Meet the Founder

Peter Trubetskoy | Founder | Chief Product and Technology Officer

Peter Trubetskoy

Peter Trubetskoy

Founder | Chief Product and Technology Officer

In January 2025, I moved into an apartment in Tempe. Within days, I started getting sick. Respiratory issues. Brain fog. A bone-deep exhaustion that sleep couldn't touch.

I raised concerns with the landlord. They told me I was imagining things.

Months later, after my health had slowly deteriorated, I finally discovered what was happening: the dryer exhaust had been rigged to vent directly back into my living space. A continuous loop of toxic air circulating through my home. Worse, the "apartment" wasn't even a registered rental unit—the owner had created the illusion of a legal dwelling without actually building to code. Humidity from that dryer loop created mold in my HVAC system, pumping poison through my apartment for months.

That experience changed how I saw everything. But it was September that broke something open.

I'd spent the entire summer searching for a home in rural Idaho and Montana—navigating septic permits, acreage reports, well depths, solar certificates, seller disclosures. The deeper I went, the more I realized how massive the gamble actually is. There's an entire industry built around helping sellers. Buyers? You're mostly on your own.

I redirected my search back to Arizona. I found a property I loved. The sellers declared the roof "OK" in their disclosure.

I trusted them because I didn't have a choice.

I spent weeks negotiating. I paid $1,600 for inspections. And then the truth came out: that roof wasn't "OK." It was at the absolute end of its life. When I adjusted my offer to reflect reality, the sellers walked. The deal collapsed. The money was gone.

I was punished for believing what I was told.

That's when I understood something fundamental about how real estate works. The system is designed to make you commit before you have the facts. "Trust, then verify" sounds reasonable—until you realize verification only happens after your money is already on the table.

I've lived in front of a computer since I was thirteen.

What started as building gaming rigs and enjoying World of Warcraft evolved into a genuine obsession with how digital systems actually work—and then into a career. Fifteen years as a software engineer and hardware systems specialist, working every layer of the stack: writing the code, and building and diagnosing the machines it runs on.

That drive led me into the volatility of the crypto markets in 2016. By 2017, I was designing and building Ethereum mining rigs and living in the 24-hour financial cycle. For years, I was glued to the global flow of information, learning to filter through propaganda and only focus on what was direct and relevant. I learned that in finance, correct information is leverage and assumption is failure.

When the current wave of AI emerged, I didn't just use it—I studied it. For the past four years I've worked in AI systems automation and agentic AI—designing autonomous agents and the pipelines that keep them honest. I spent thousands of hours mastering prompt engineering, eventually ranking in the top 1% of MidJourney users and beta-testing for major research labs.

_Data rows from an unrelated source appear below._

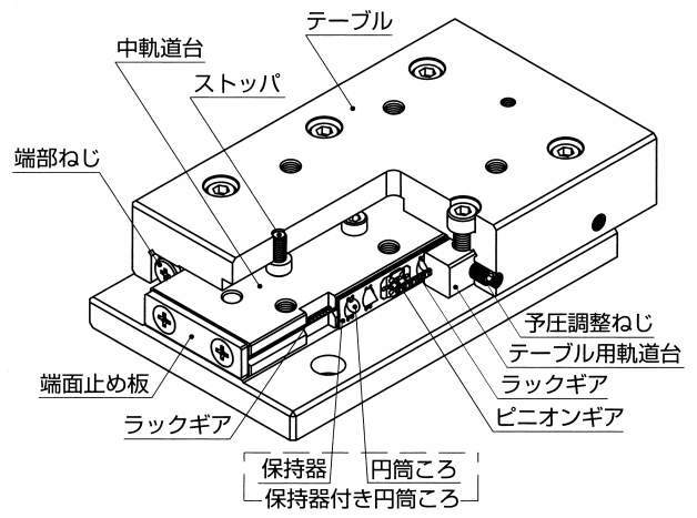 ・取付面は精密な研削仕上げを施しています。また、テーブルにはめねじ、ベッドにはざぐりが施されており、適正な予圧状態にしてありますので、そのまま機械・装置に取り付けるだけで信頼性の高い直線運動が得られます。
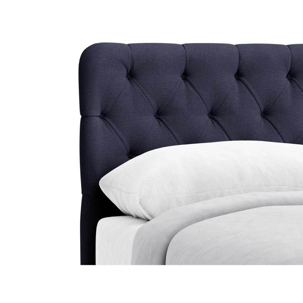 This bed's faded grandeur comes from replacing traditional buttons for discs of fabric and keeping the headboard fabric slightly relaxed. Job done.
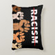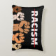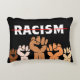 Le coussin d'accent sur la justice sociale présente un texte RACISME recouvert de plusieurs ombres et des poings surélevés.
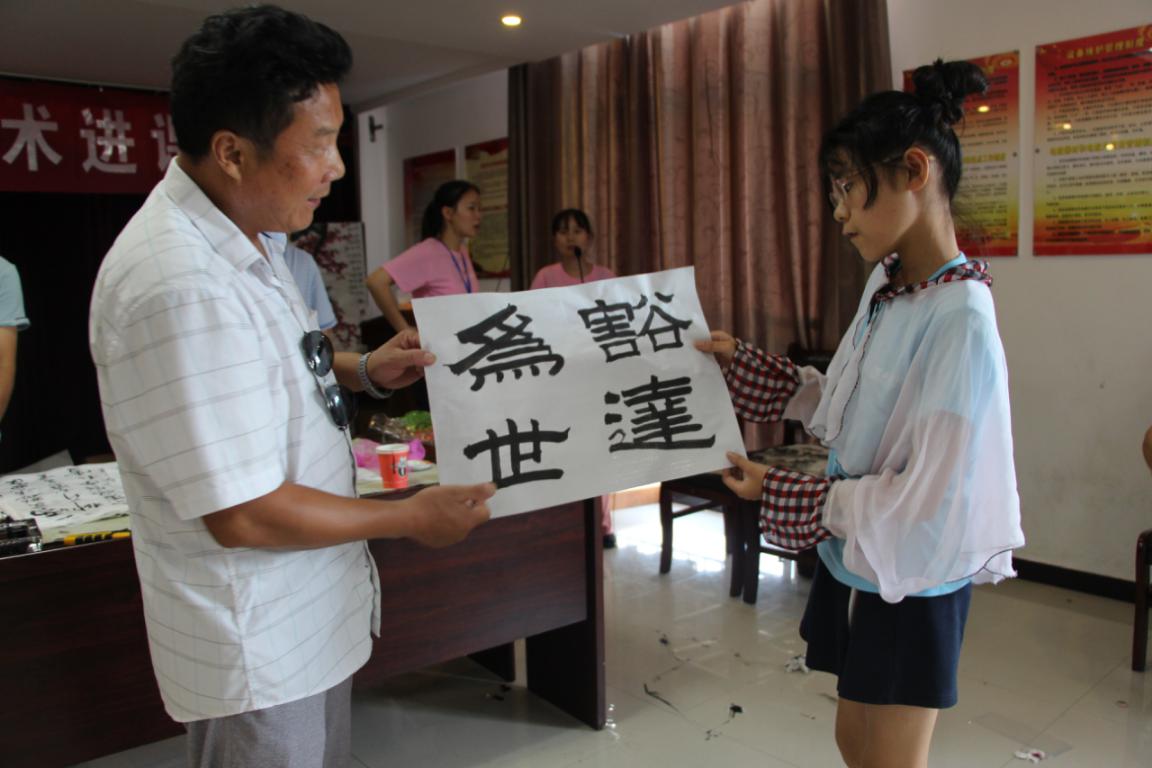 書(shū)畫(huà)老師們首先講解了中國(guó)書(shū)畫(huà)藝術(shù)的歷史和發(fā)展,之后便開(kāi)始作品創(chuàng)作,小朋友們觀摩老師們創(chuàng)作的過(guò)程。在看完創(chuàng)作之后,小朋友們驚嘆不已,還有提出表示自己也想嘗試,老師握住他們的手一筆一劃的教如何寫(xiě)毛筆字,師生合作寫(xiě)出的作品讓大家贊不絕口。活動(dòng)結(jié)束后,老師們把自己在課堂上的作品贈(zèng)送給各個(gè)小朋友們。小朋友們紛紛表示回家之后一定向家人分享作品并且還要裝裱起來(lái)。
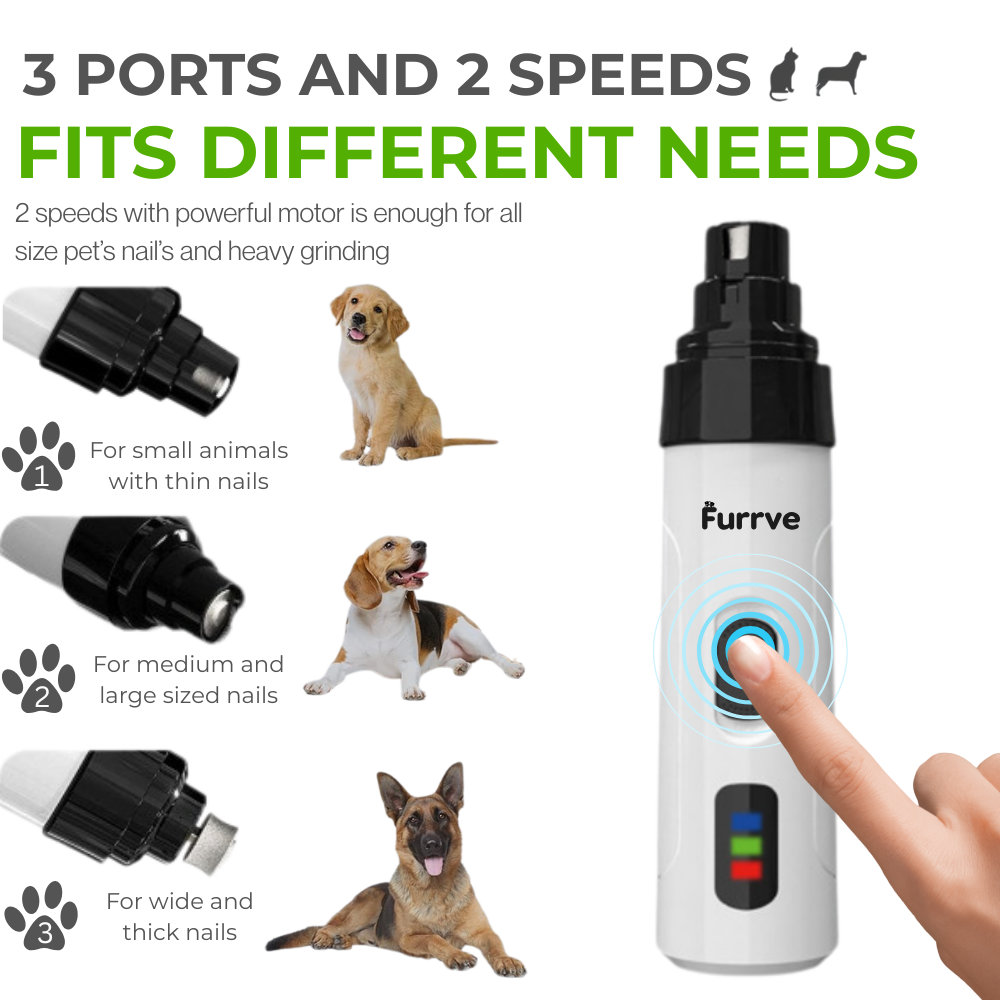We recommend starting on the low speed to see how your pet reacts. If needed, switch to the higher speed for faster, more effective grinding.
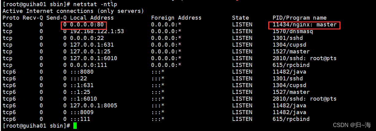 2)输入:netstat -ntlp
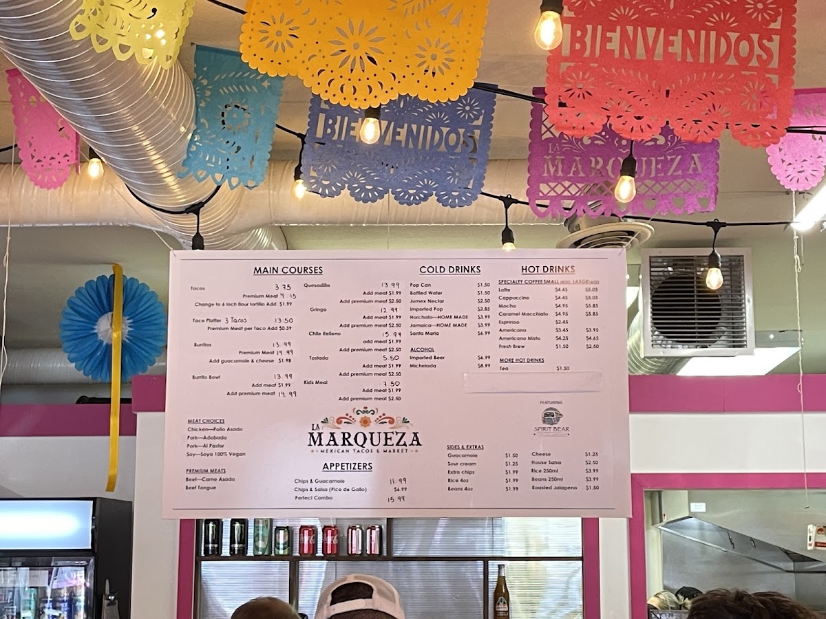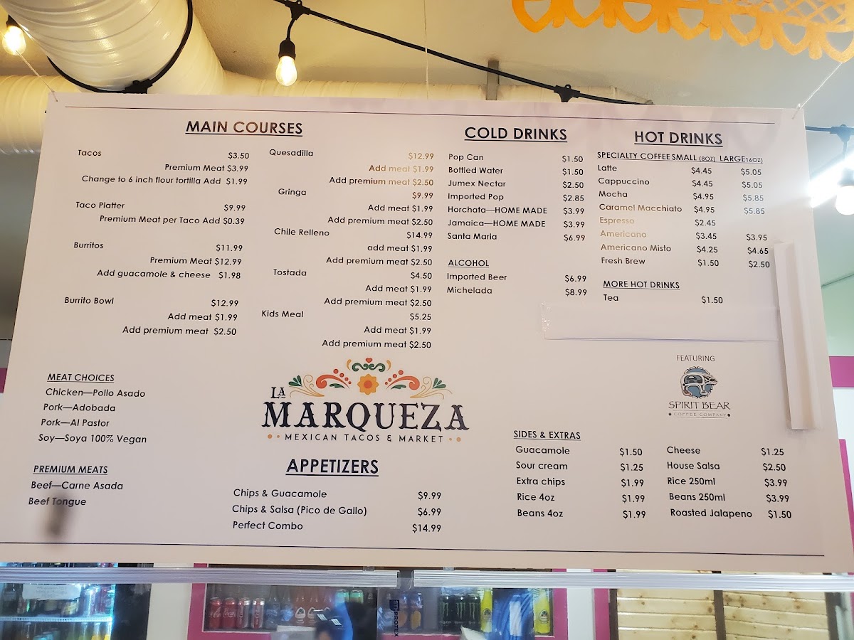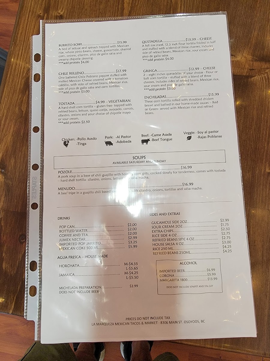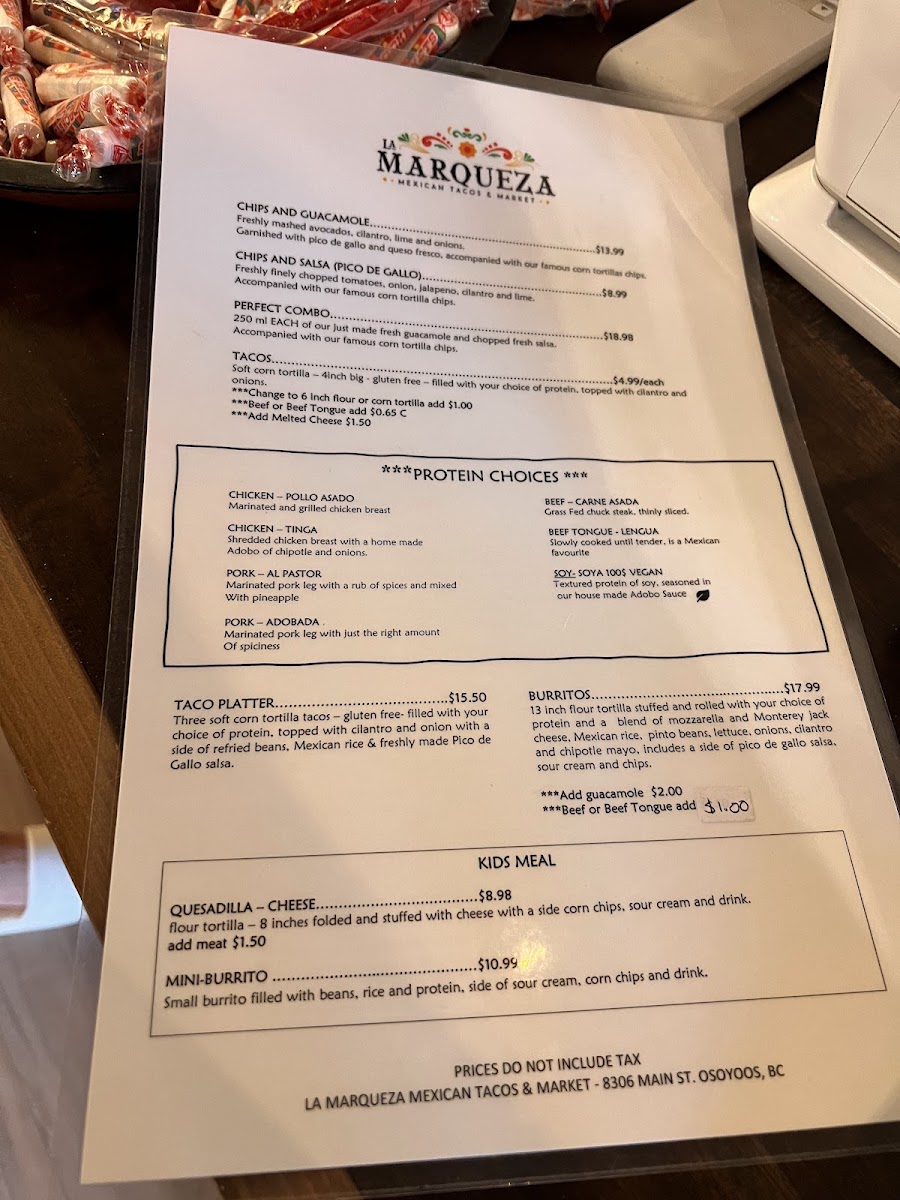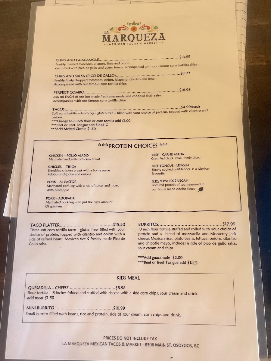 Welcome to La Marqueza Mexican Tacos & Market, a hidden gem located at 8526 Main St, Osoyoos, BC. This vibrant establishment serves up authentic Mexican cuisine, offering an enticing taco menu that features options like pollo asado, shredded chicken, and carne asada, all priced between CA$4.99 to CA$5.64.

I learned exactly how these models think and how to communicate with them. More importantly, I learned where they fail.

Standard AI tools have small "context windows"—limited memory that forces them to forget crucial details mid-conversation. They're designed to give you the simplest answer, not the correct one. They're conversationalists, not investigators and they sense your feelings through the stories you tell it or the bias you unknowingly spill.

I knew no off-the-shelf chatbot could solve the problem I'd faced that September. So I built something different.

KaleoIntel isn't a chatbot. It's a forensic engine.

Where standard models cap out at around 25,000 tokens of memory, our system operates with a 2-million-token context window. It holds every permit, every tax record, every satellite image in focus simultaneously.

We deploy over 50 autonomous AI workers that don't just answer questions—they investigate. They pull data, dump it into a massive shared memory system and then re-investigate based on what other workers found. They cross-reference permits against satellite imagery. Tax records against owner claims. Environmental reports against neighborhood patterns.

They build a picture that no human—and no retail-grade AI—can assemble alone.

KaleoIntel is the tool I wish I'd had that September.

It exists because I believe something simple: you deserve to know what you're walking into before you sign. Not after. Not once you're already committed. Before.

In high-stakes decisions, assumption isn't optimism. It's negligence.

I built KaleoIntel to replace assumptions with truth.